_WHAT YOU ARE ASKED TO DO_: Your output should consist of the lines from the first line of the records below through the one with "Foto de familia", exactly, minus the pictures.

_DATA TO PROCESS_:
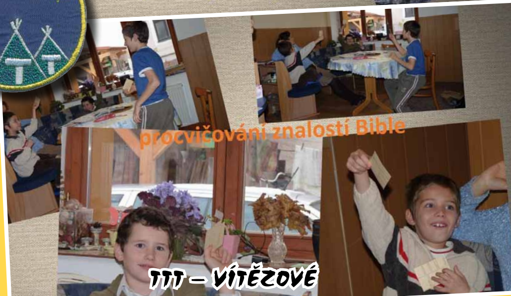
procvičování znalostí Bible
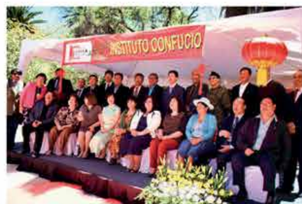
Autoridades departamentales, autoridades administrativas y académicas de la UMSS, en el "Día del Instituto Confucio".
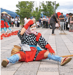
ひょっここ・おかめ

にかつての踊り手が見つかると、今年一月、二名の高齢女性に踊りを見せていただき舞を完成させることができました。 生徒の熱意がいくつもの奇跡をたぐりよせ、約七〇年ぶりに幻の舞「扇舞」を復活させたのです。
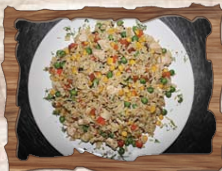
Ризото с пилешко месо 550 гр./ ..... лв.
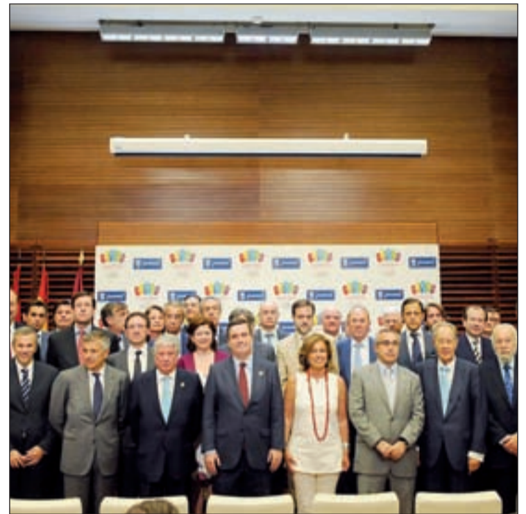
Foto de familia de los empresarios que apoyan Madrid 2020

Otro de los objetivos de esta colaboración es construir un marco de cooperación duradera en el tiempo entre las empresas patrocinadoras, Madrid 2020 y la propia ciudad. "Los Juegos
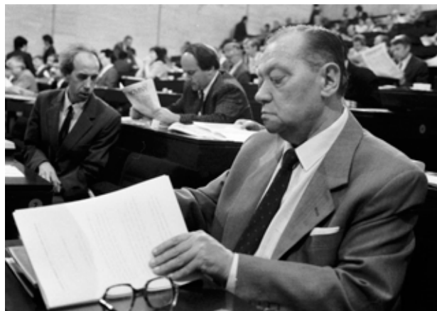
Rudolf Hrušínský, poslanec Federálního shromáždění za Občanské fórum, snímek z roku 1990.

Z opoziční smlouvy jsem byl zklamaný. Nebo z věcí, které se děly na pražském magistrátu i jinde. Ale víte co? Tehdy se kradly „je-
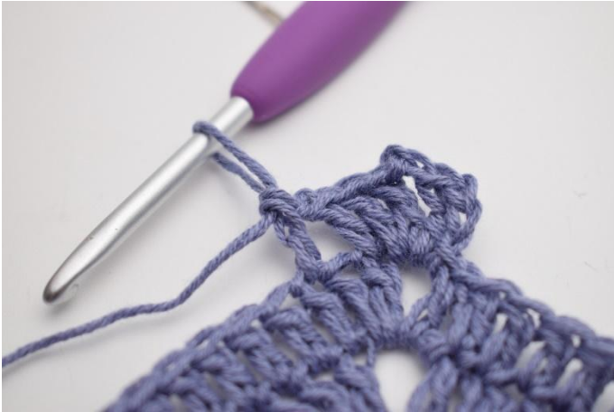
5. hekle 1 stv i neste m*.
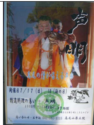
薬王院 精進料理案内
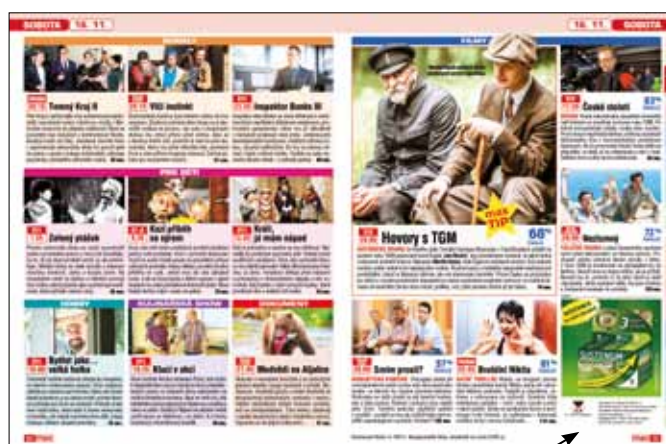
Inzerce v redakční části
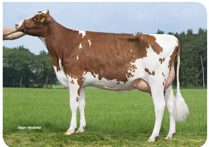
Grashoek Nel 203 (AB 85) (v. Tucson) Eig.: Melkveebedrijf Grashoek b.v., Grashoek
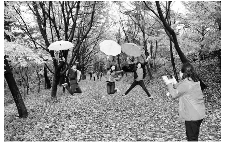
화순 너릿재 옛길의 늦가을 늦가을 보슬비가 내린 지난 16일 화순 너릿재 옛길을 찾은 단체 나들이객들이 가을 단풍을 배경으로 기념촬영을 하고 있다.

_YOUR SOLUTION_:
procvičování znalostí Bible
Autoridades departamentales, autoridades administrativas y académicas de la UMSS, en el "Día del Instituto Confucio".
ひょっここ・おかめ

にかつての踊り手が見つかると、今年一月、二名の高齢女性に踊りを見せていただき舞を完成させることができました。 生徒の熱意がいくつもの奇跡をたぐりよせ、約七〇年ぶりに幻の舞「扇舞」を復活させたのです。
Ризото с пилешко месо 550 гр./ ..... лв.
Foto de familia de los empresarios que apoyan Madrid 2020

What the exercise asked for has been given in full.